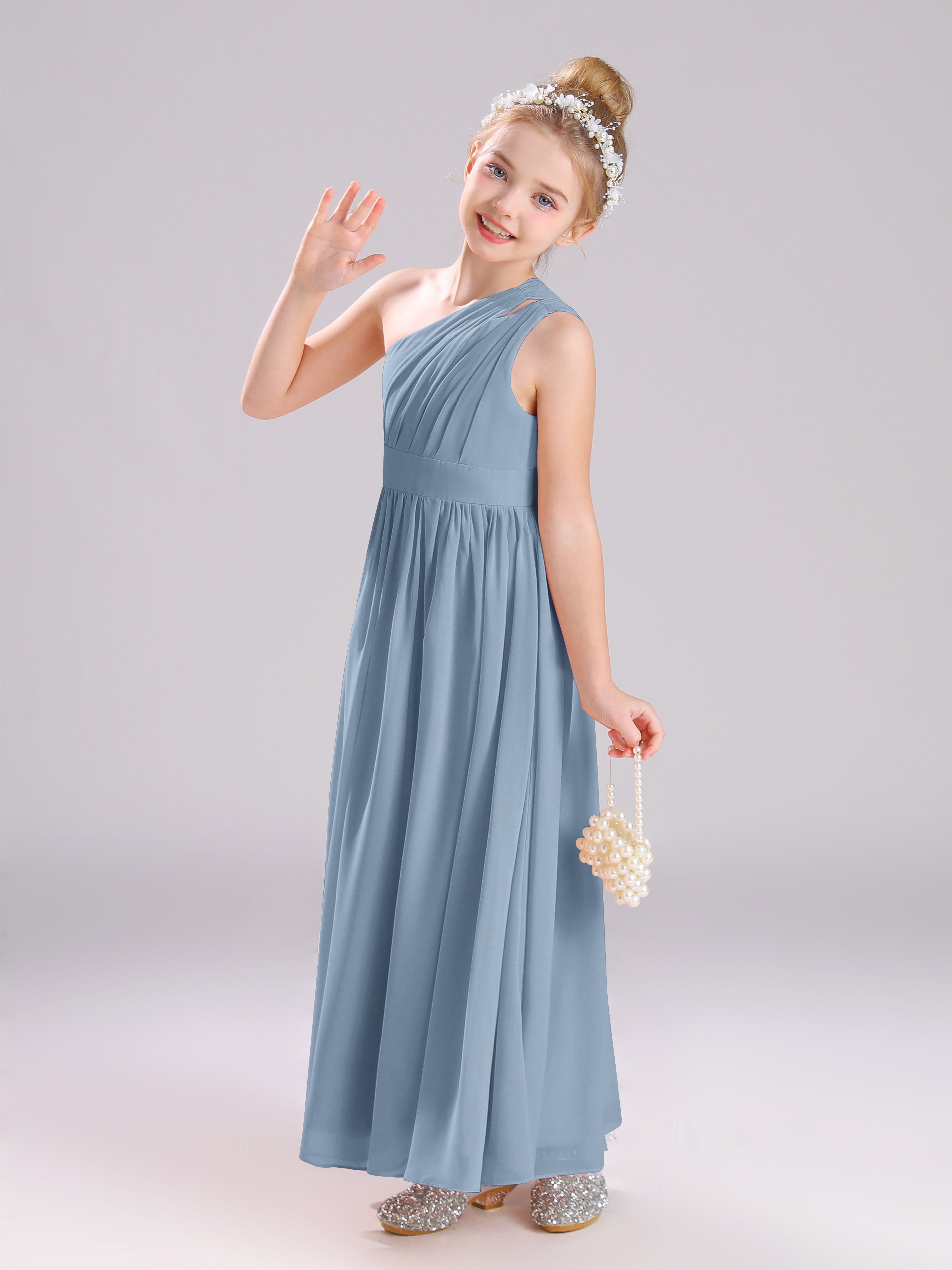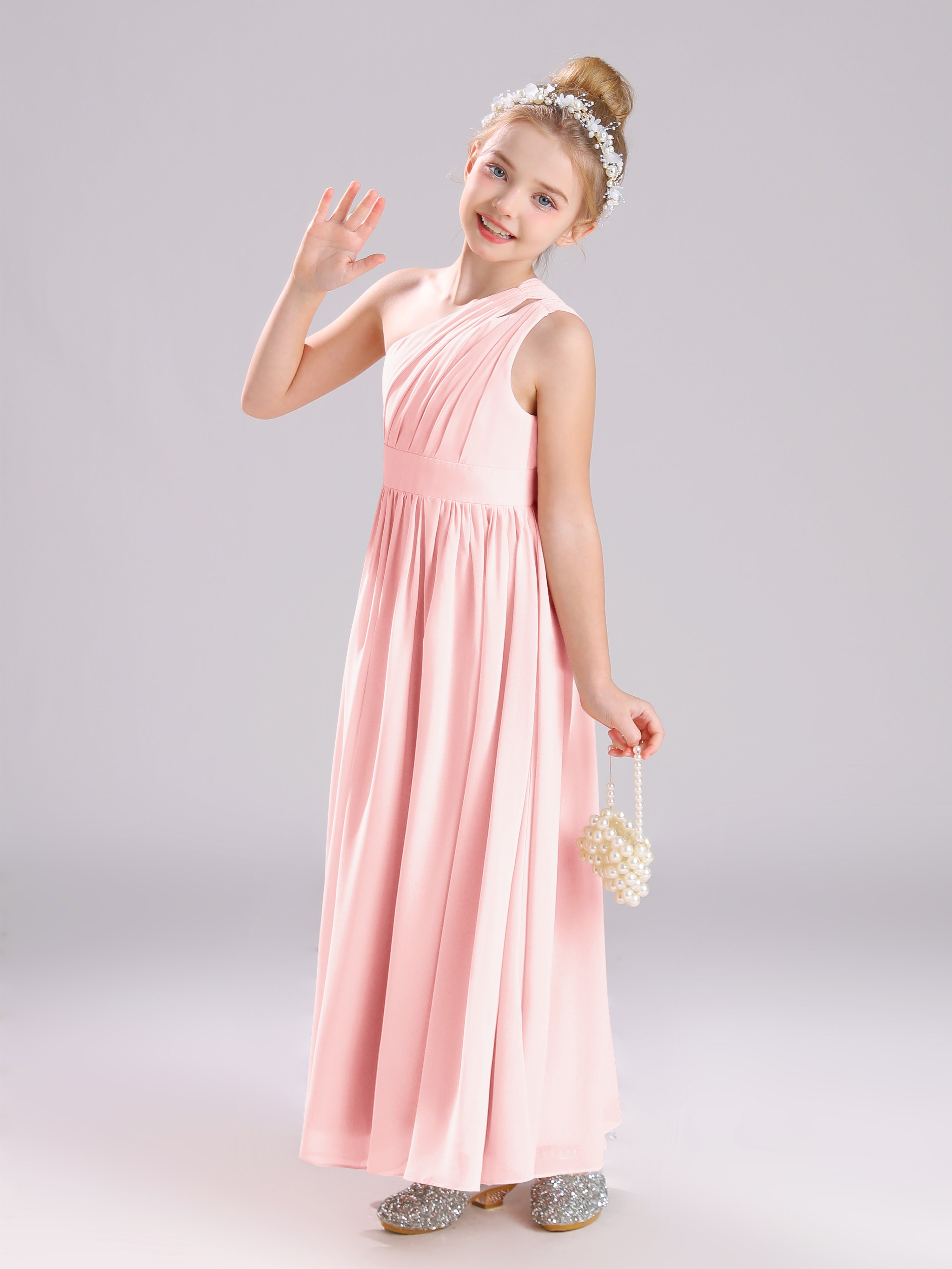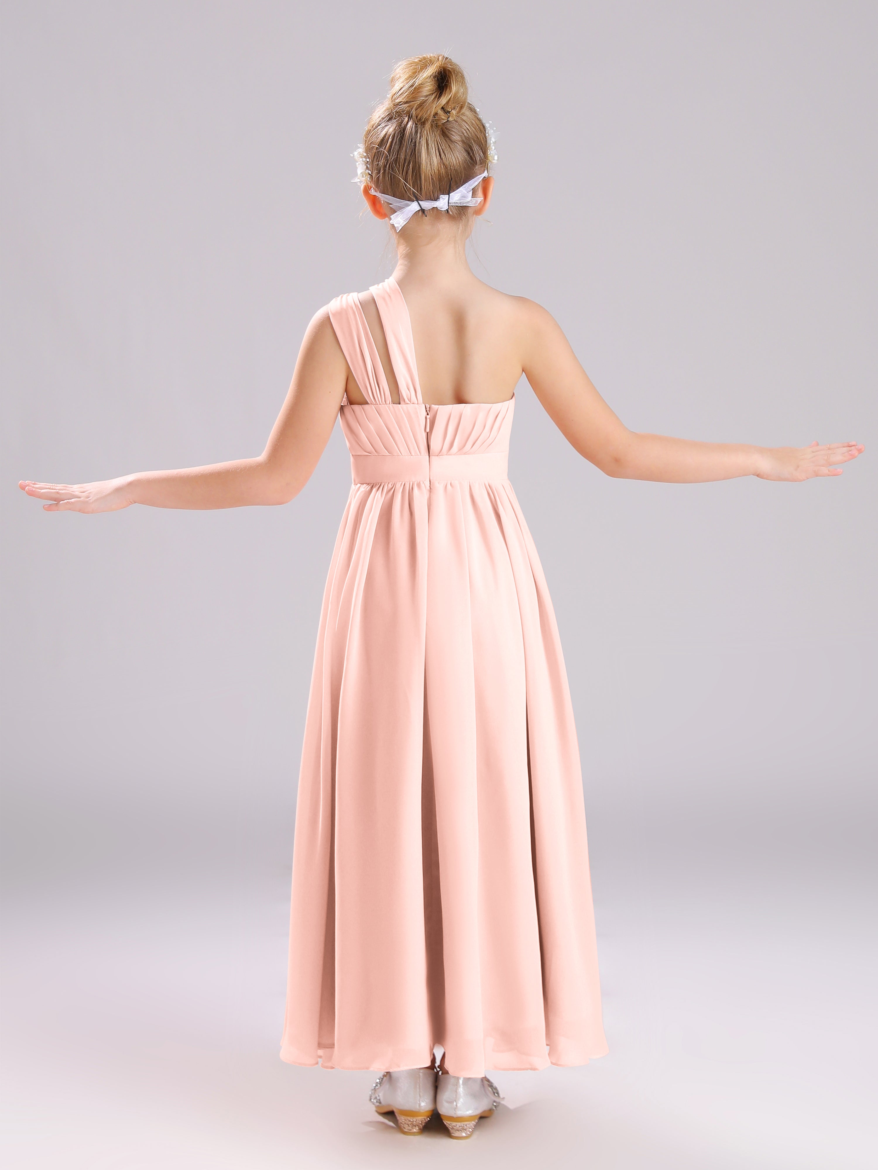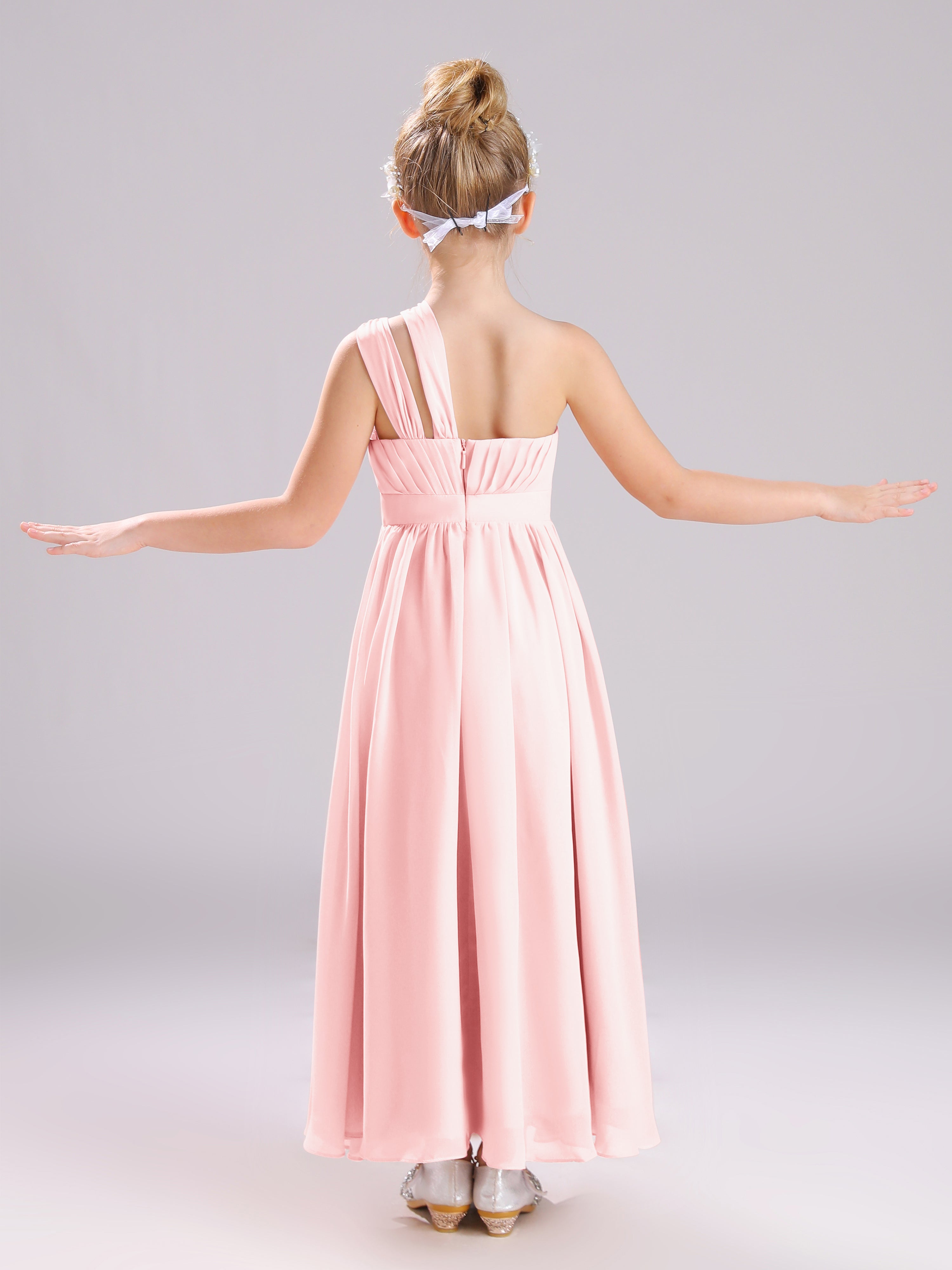 One Shoulder Pleats Long Chiffon Junior Bridesmaid Dresses
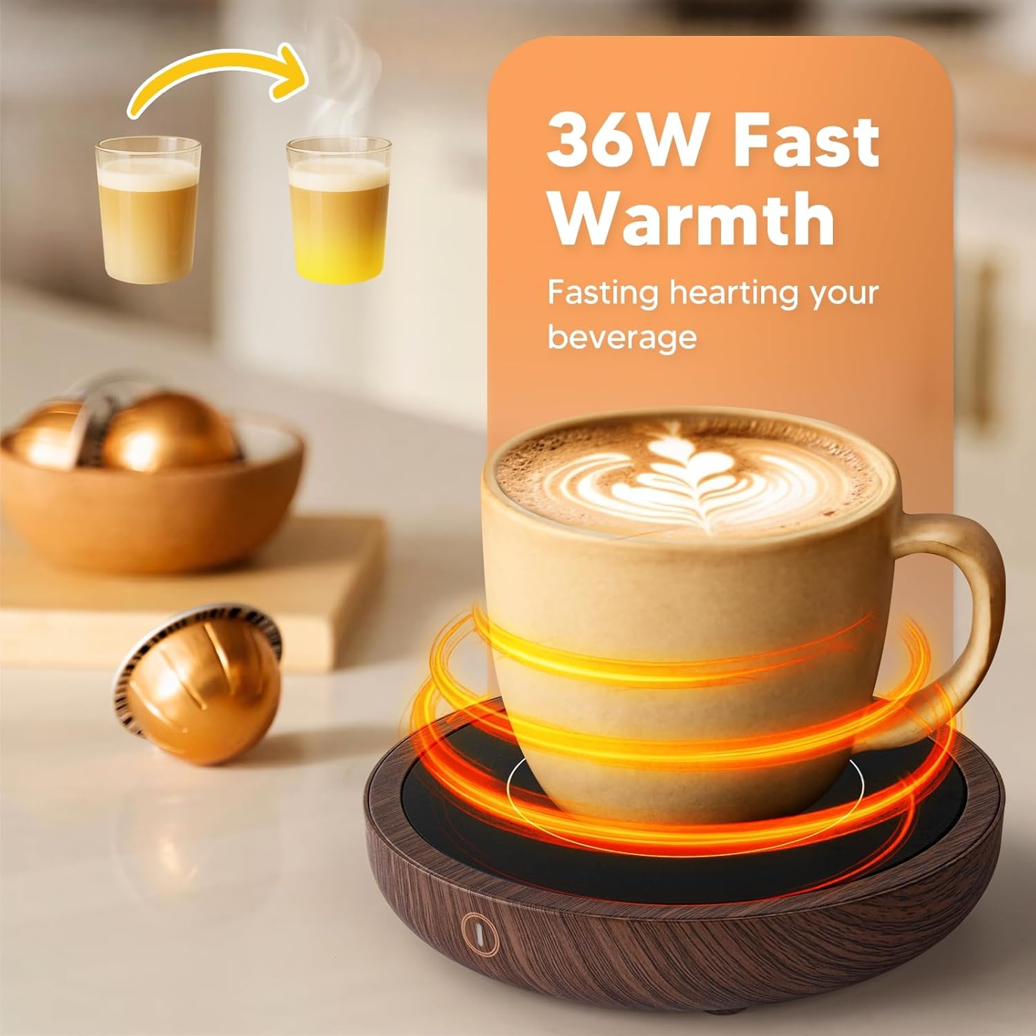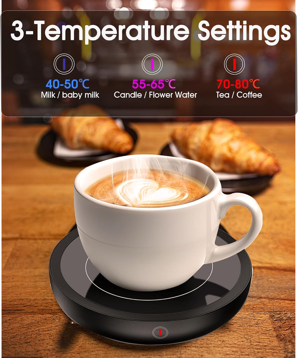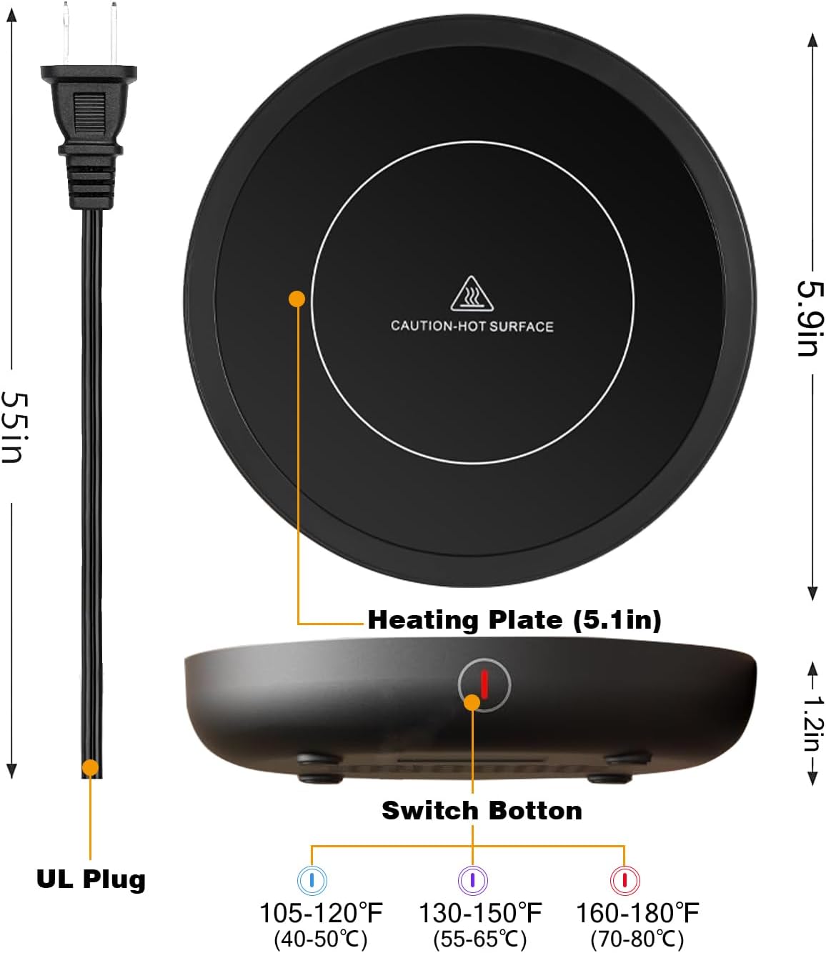 - 🔥【3-Temperature Settings: 】 36w coffee cup warmer with temperature control, you can adjust the temperature with the touch button to keep the coffee temperature at 120℉/150℉/180℉.
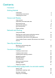Contents Foreword Getting Started Initial setup Connecting to the Internet Charging your device 2 2 3 Screen and Display Home screen Notification panel and status bar Split-screen mode Using motion gestures Eye comfort mode Display settings 5 8 9 10 11 12 Network and Sharing Using mobile data Sharing your mobile Internet with other devices Connecting to the Internet using Wi-Fi Connecting to other devices using Bluetooth Using Huawei Share to transfer files between two Huawei devices 14 14 16 16 17 Se
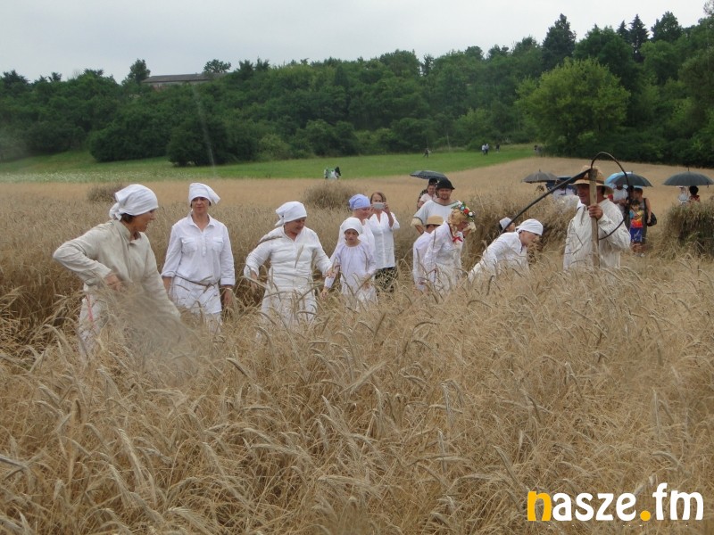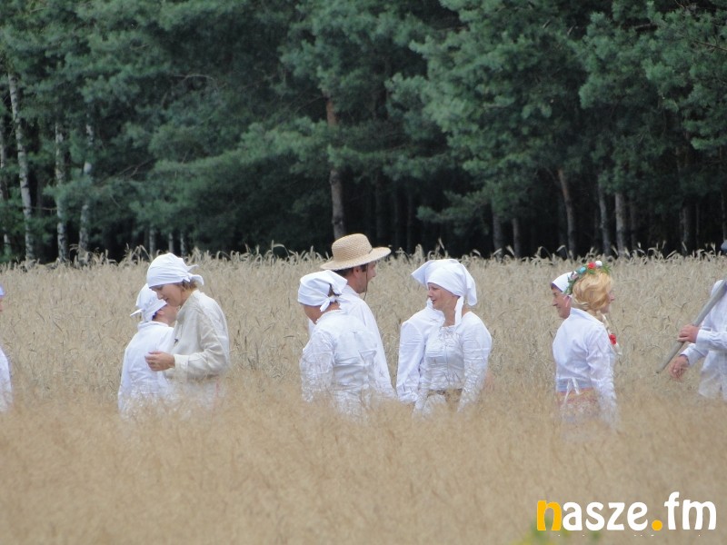 Podczas inscenizacji zaprezentowano kilka epizodów związanych z pracą podczas żniw. Mogliśmy zobaczyć przygotowania do pracy obrzęd nawiązujący do zażynek, koszenie i zbieranie zboża. Pokazano też jak odpoczywano w przerwach w pracy. Nie zabrakło również odniesień do dawnych relacji społecznych na wsi – obrazowała to scena przybycia dziedzica i rozmowy ze żniwującymi chłopami. Cała inscenizacja ilustrowana była starymi pieśniami, które towarzyszyły pracom przy żniwach.

== DIRECTIONS ==
A word-for-word copy of the data, without its pictures, is what is needed.

== FINISHED EXERCISE ==
 One Shoulder Pleats Long Chiffon Junior Bridesmaid Dresses
 - 🔥【3-Temperature Settings: 】 36w coffee cup warmer with temperature control, you can adjust the temperature with the touch button to keep the coffee temperature at 120℉/150℉/180℉.
Contents Foreword Getting Started Initial setup Connecting to the Internet Charging your device 2 2 3 Screen and Display Home screen Notification panel and status bar Split-screen mode Using motion gestures Eye comfort mode Display settings 5 8 9 10 11 12 Network and Sharing Using mobile data Sharing your mobile Internet with other devices Connecting to the Internet using Wi-Fi Connecting to other devices using Bluetooth Using Huawei Share to transfer files between two Huawei devices 14 14 16 16 17 Se
 Podczas inscenizacji zaprezentowano kilka epizodów związanych z pracą podczas żniw. Mogliśmy zobaczyć przygotowania do pracy obrzęd nawiązujący do zażynek, koszenie i zbieranie zboża. Pokazano też jak odpoczywano w przerwach w pracy. Nie zabrakło również odniesień do dawnych relacji społecznych na wsi – obrazowała to scena przybycia dziedzica i rozmowy ze żniwującymi chłopami. Cała inscenizacja ilustrowana była starymi pieśniami, które towarzyszyły pracom przy żniwach.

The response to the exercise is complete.